The Road: My Friend?

Roads connect places, peoples and offer pathways for the carriage of goods and services for the needs of society. Thus by their very nature roads satisfy a multiplicity of needs. Apart from that in traffic terminology roads are defined as being multi-modal. The meaning of this is that many kinds of vehicles use the roads. This is more so in the context of countries like India. While in the US or Europe roads are designed for pedestrians and cyclists particularly in urban areas, passenger vehicles – cars and 2-wheelers, buses and trucks of varying load capacities and forms that carry goods, in India we have to additionally cater to bullock carts, hand-pulled carts, 3-wheelers of various shapes and sizes and maybe still some horse-drawn carriages & buggies. 
By the nature of our society and our economy the operatives of the varied classes of locomotion will demand and secure their rights to use the road. Thus we see roads becoming multi-modal having to deliver the rights of its use to the many varieties of users. The pedestrian in this scheme of things happens to be a very important category of road user. If you look by way of right it was the pedestrian who was there first and because of his need the road was formed. So you cannot deny the pedestrian the right of use of the road. 

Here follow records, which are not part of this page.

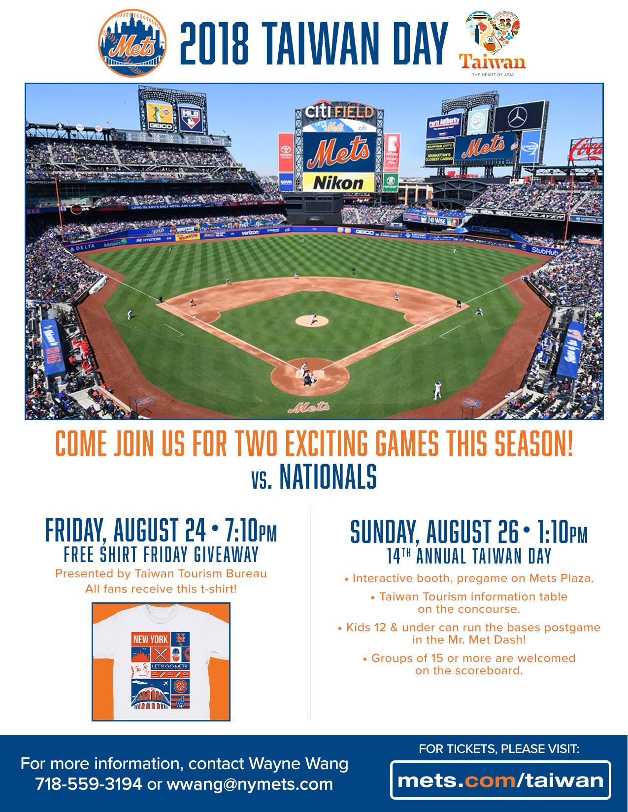 Come join the New York Mets and Tour Taiwan – TTB America Taiwan Tourism Bureau on Sunday, August 26 to celebrate our 14th annual Taiwan Day at Citi Field! Visit the Taiwan Tourism interactive booth, along with other family activates on Mets Plaza, pre-game starts from 11 am. We will announce more detail regarding performances and special guests in the following weeks, for more information and to get tickets, please visit mets.com/Taiwan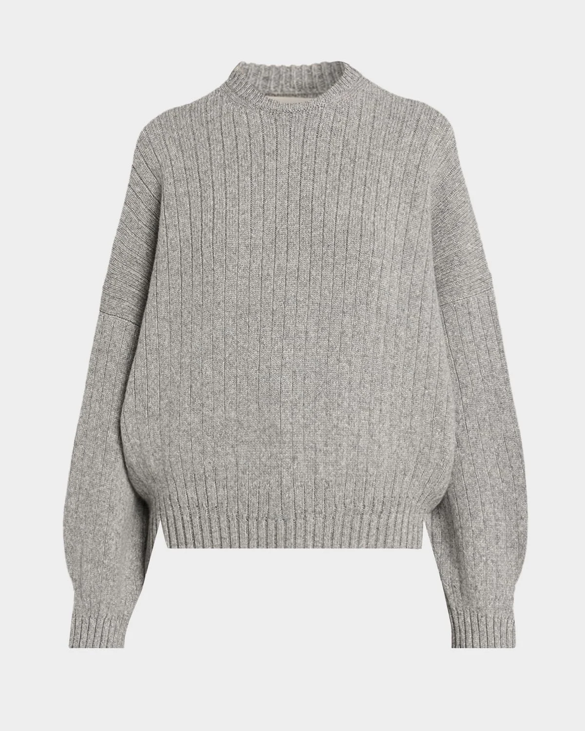 Khaite "Lennox" sweater is crafted of a soft cashmere wide ribbed knit Crew neckline Long sleeves Drop shoulders Loose fit Ribbed cuffs and hem Pullover style Cashmere Dry clean Made in Italy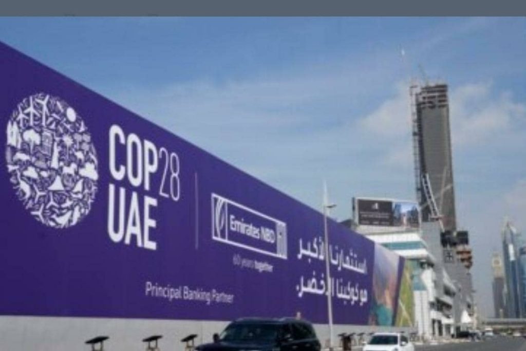 Cars pass by a billboard advertising COP28 at Sheikh Zayed highway in Dubai, United Arab Emirates, November 27, 2023. Representatives will gather at Expo City in Dubai, UAE, Nov. 30 to Dec. 12 for the 28th U.N. Climate Change Conference, known as COP28.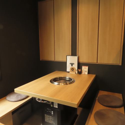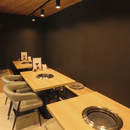 【プライベート感のある席構成】テーブルごとに仕切りがあり、周囲を気にせず食事を楽しめる造り。少人数での食事会やカップル利用に最適な落ち着いた空間です。やわらかな照明が照らす中、香ばしい焼肉の香りに包まれながら、くつろぎの時間を過ごせます。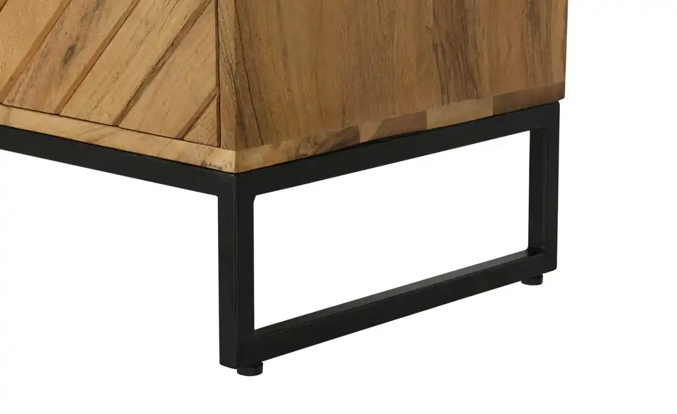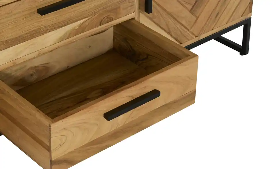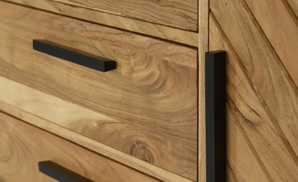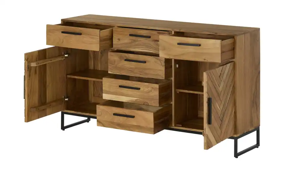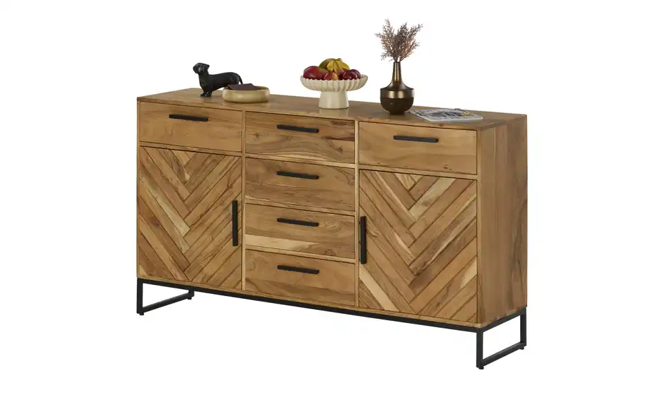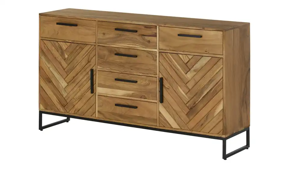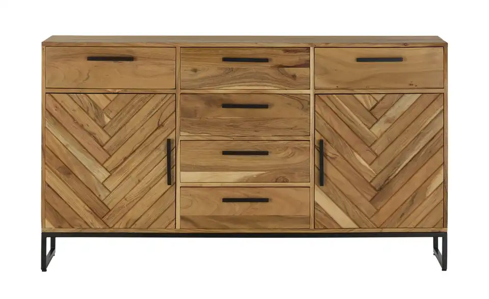 Fischgrätenmuster sieht auch bei Möbeln sehr elegant aus. Zum Beispiel beim Sideboard Calatria. Hier sind die beiden Türen mit dem Muster versehen worden. Front und Korpus bestehen aus massiver Akazie. Das Holz zeichnet sich durch seine Qualität und attraktive Maserung aus. Um die Qualität zu erhalten, ist die Oberfläche mit einem Lack behandelt worden. Als Kontrast zum Holz dienen die Griffe und das Gestell in Kufenform mit ihrem schönen Finish. Calatria ist mit sechs Schubladen und zwei Türen ausgestattet.Lieferung & Versand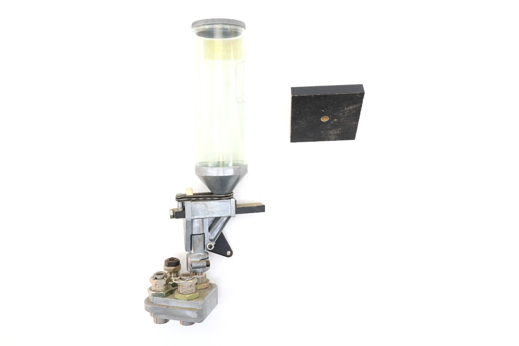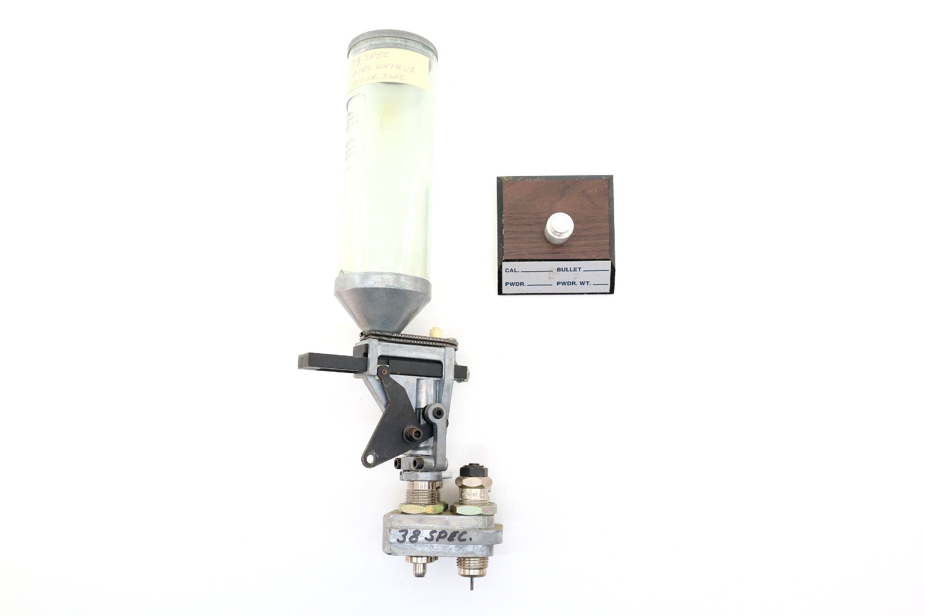 LOT INCLUDES; (1) DILLON 550 POWDER MEASURE, (1) 4-PIECE .38 SPL / .357 MAG RELOADING DIES ATTACHED, (1) DILLON 550 4-HOLE TOOL HEAD & (1) DILLON 550 TOOL HEAD BASE. SEE PHOTOS.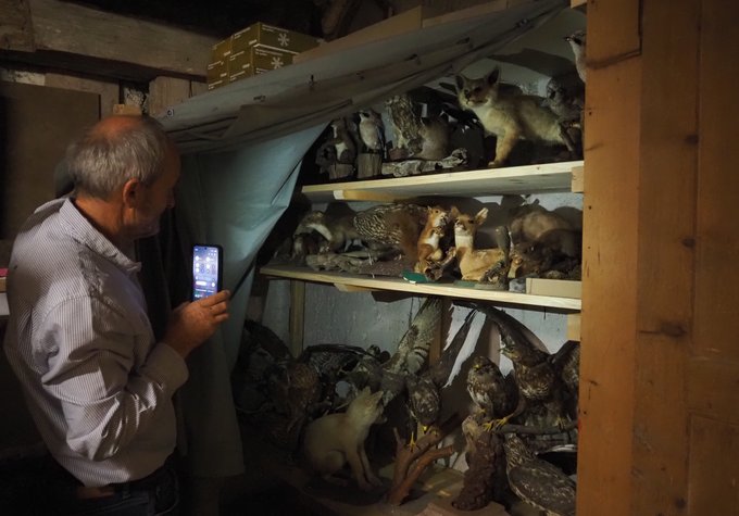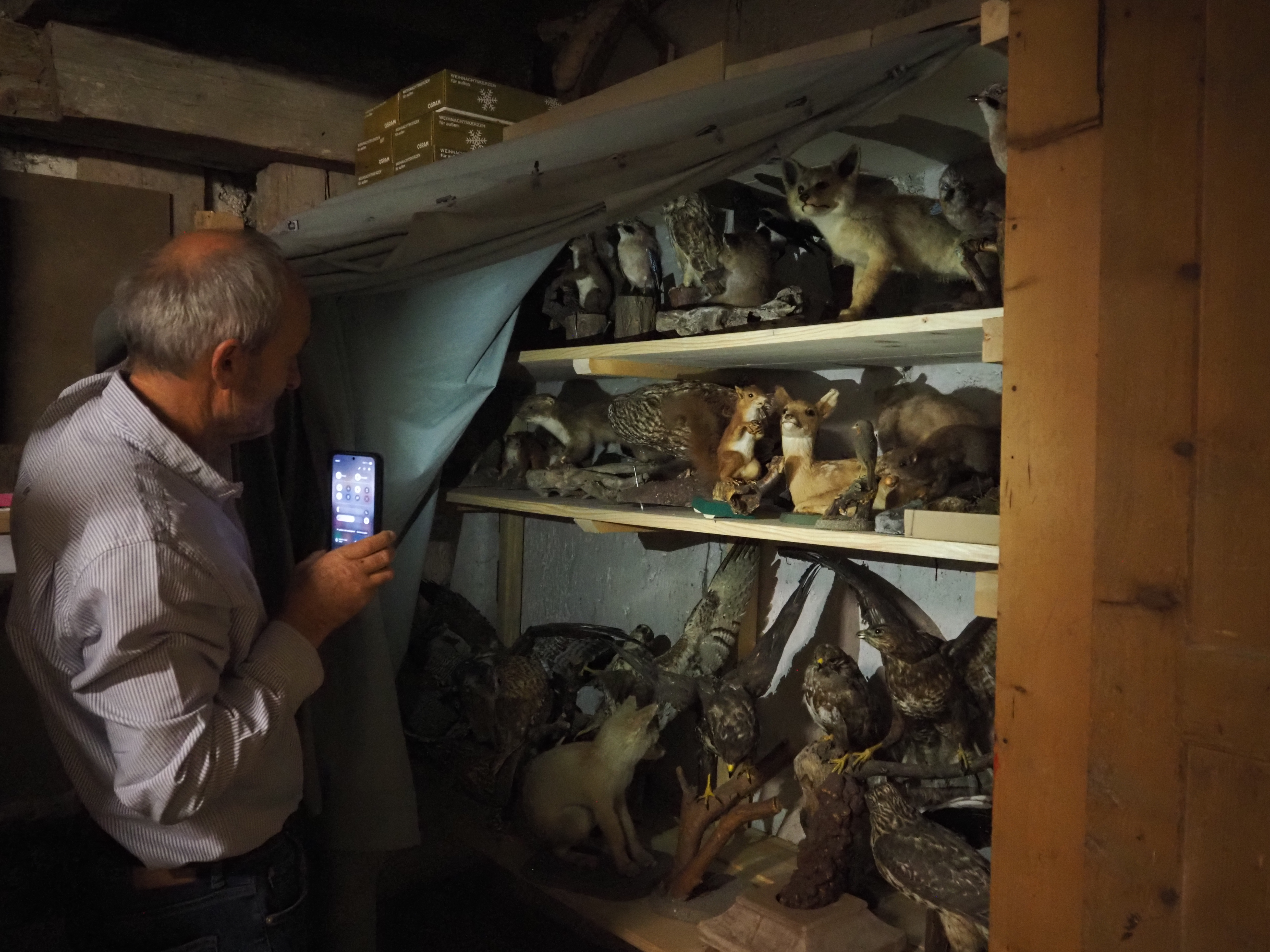 «Alles nur morsche, verwurmte Ware»: So hat Rolf Böni gedacht, als er 2016 zusammen mit seinem Vorgänger Beat Gmür, dem Initianten und Architekten der Ammlerkrippe, mit dem Krippenbau begonnen hat. 1997 entwickelte dieser zusammen mit dem damaligen Pfarrer und vielen Helferinnen und Helfern aus Amden das Konzept und die kreative Umsetzung. «Jetzt mach einfach mal», habe Gmür ihn angewiesen, wenn er in Altholz und Wurzelstöcken eben nur Unbrauchbares gesehen habe. «So haben sich über die Jahre ein Gefühl und ein Blick für diese ganzen Naturmaterialien entwickelt und heute bin ich absolut fasziniert», sagt Rolf Böni. Er führt hinauf in den Kirchturm. In einem Regal hat er dort Disteln ausgebreitet. Sie brauchen Licht und Kälte, um haltbar zu bleiben. In einem dunklen Nebenraum zieht er einen dicken Vorhang vor einem Regal zur Seite und leuchtet mit seinem Smartphone hinein. Füchse, Rehkitze, Eulen, Eichhörnchen und viele weitere ausgestopfte Tiere kommen zum Vorschein. Für sie alle findet Rolf Böni jeweils einen Platz in der Krippenlandschaft. «Alle diese Tiere sind bei Unfällen oder deren Folgeverletzungen gestorben, wurden von Jägern und Privatpersonen gefunden und stammen aus deren Sammlungen», sagt er. «Heute will kaum jemand noch ausgestopfte Tiere zu Hause haben. Aber in der Ammlerkrippe finden sie alle einen Platz und vor allem die Kinder haben ein Riesenfreude daran, nach den Tieren Ausschau zu halten.» Ein besonderer Schatz sind auch die 19 im Schnitt einen Meter grossen, handgeschnitzten Krippenfiguren aus dem Südtirol. Sie lagern unten im Kirchenraum im ehemaligen Beichtzimmer. Bald 30 Jahre alt, haben sie mittlerweile einen schönen Sammlerwert.

In places around India you will find that the pedestrian can be classified with the most vociferous, if not militant, being from Calcutta (now Kolkata) and the most docile from Madras (now Chennai). Goa does not figure anywhere on this scale since Goa does not believe in pedestrians. 
This is more so in the latest context that is over the last three years, if you look at our road planning, it is believed that pedestrians do not exist in Goa. Otherwise we would not have had this spree of road widening that is happening all over Goa with not a thought being given to how people, the pedestrians, will cross the roads. 
About pavements, there has been a spree again for constructing pavements all over Goa which one cannot deny. But these do not really lend to their use by pedestrians because they are a little too high and one needs to bring along one’s step-up ladder to climb on to them particularly for senior citizens and those with knee trouble. 
While the stretch of the NH17 highway running from the Gauri Petrol Pump to the Jeevottam Math in Porvorim has no pavements on the left side and pedestrians including school children have to walk on the side of the highway with their lives literally in their hands. However, the plight of pedestrians of Goa, particularly in Porvorim, is so miserable and hence this is a humble request to consider them while building roads and on existing roads assist them by providing traffic signals so that they are able to cross with the least risk to life and limb. The road that was once of the people, by the people and for the people; has now become of the vehicles, by the vehicles and for the vehicles.